Powiem Ci tak: moja znajomosc jezyka moze nie jest najlepsza...ale i tak lepsza niz wiekszosci klasy...w naszej grupie są moze 2 osoby gorsze ode mnie....tak wiec powiedz mi jak byz zareagowala jak bys byla tą nauczycielką gdyby jedna z jej zdaniem najlepszych uczennic miala najgorszy wynik?? ona napewno nie bedzie zachwycona...a wiem ze gdyby nie ich gotowce to mialabym jeden z lepszych wynikow
Edytowany przez lalala94 3 czerwca 2011, 20:03
3 czerwca 2011, 20:03
> > wiecie co to juz nie o to chodzi ze jestem>
> zazdrosna ze oni bedą mieli lepsze oceny....tylko>
> ze wiem co sie bedzie dzialo jak ona odda te>
> matury...bede miala najgorszy wynik...i wtedy>
> nauczycielka urządzi mi pieklo...Ale fakt, że
> Twoja znajomość języka jest słaba, tym samym
> będziesz miała kiepski wynik to chyba nie wina
> klasy, prawda?..
Powiem Ci tak: moja znajomosc jezyka moze nie jest najlepsza...ale i tak lepsza niz wiekszosci klasy...w naszej grupie są moze 2 osoby gorsze ode mnie....tak wiec powiedz mi jak byz zareagowala jak bys byla tą nauczycielką gdyby jedna z jej zdaniem najlepszych uczennic miala najgorszy wynik?? ona napewno nie bedzie zachwycona...a wiem ze gdyby nie ich gotowce to mialabym jeden z lepszych wynikow
3 czerwca 2011, 20:04
Ale masz problemy. Samo zastanawianie się nad tym pokazuje dlaczego jesteś nielubiana. Jak można w ogóle rozważać to żeby kogoś podkablować. To nie jest Twoja sprawa, nie liczy się to jak wypadasz na tle innych w rankingu, którzy skoro się nie uczą to wypadną gorzej na maturze i Ty na tym lepiej wyjdziesz. Przestań porównywać się do ludzi w Twoim otoczeniu. Nie znoszę ludzi, którzy mają takie poglądy jak Ty i nigdy nie widziałam powodów żeby dawać im odpowiedzi... Twoim problemem jest to, że czujesz się gorsza, a nie oni lepsi. Zastanów się, nie kabluj.

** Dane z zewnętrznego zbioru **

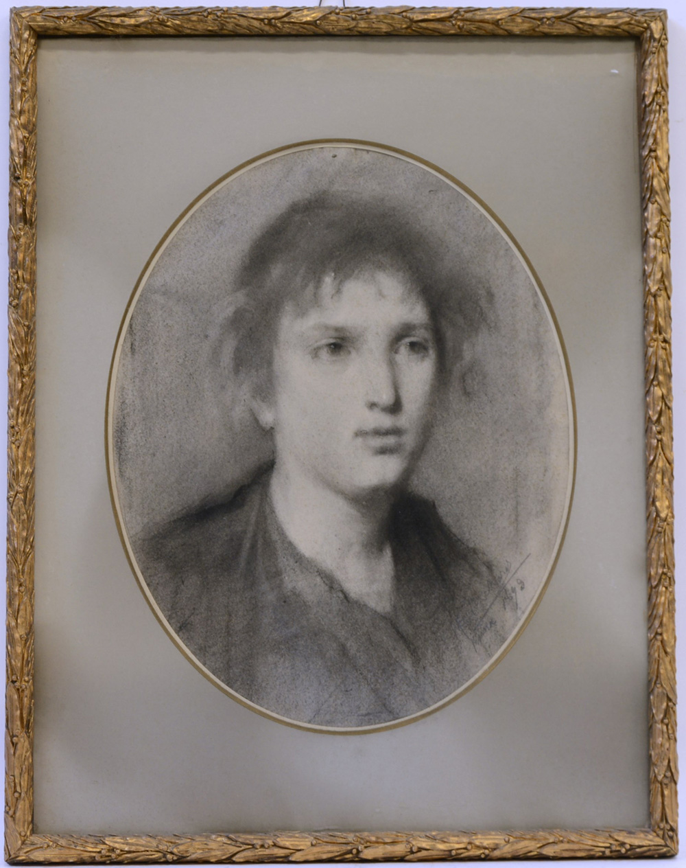 Ignoto della fine del secolo XIX "Ritratto femminile" 1898 disegno a carboncino su carta ovale (cm 46x36) reca firma indecifrata e data in basso a sinistra, in cornice (difetti)

A tłumaczenie "pani będzie zła i urządzi mi piekło"... Ile masz lat? 5? Nic tej babce do tego jak napisałaś jakąś durną próbną maturę, tak samo jak tą prawdziwą. To nie jej życie, zlej to.
Poza tym Twoim problemem wydaje się być nie to, że gorzej wypadasz tylko, że oni nie chcą dać Ci odpowiedzi i przez to gorzej wypadasz. Każdy sam pracuje na swój osobisty sukces, zacznij się uczyć a nie jojczysz.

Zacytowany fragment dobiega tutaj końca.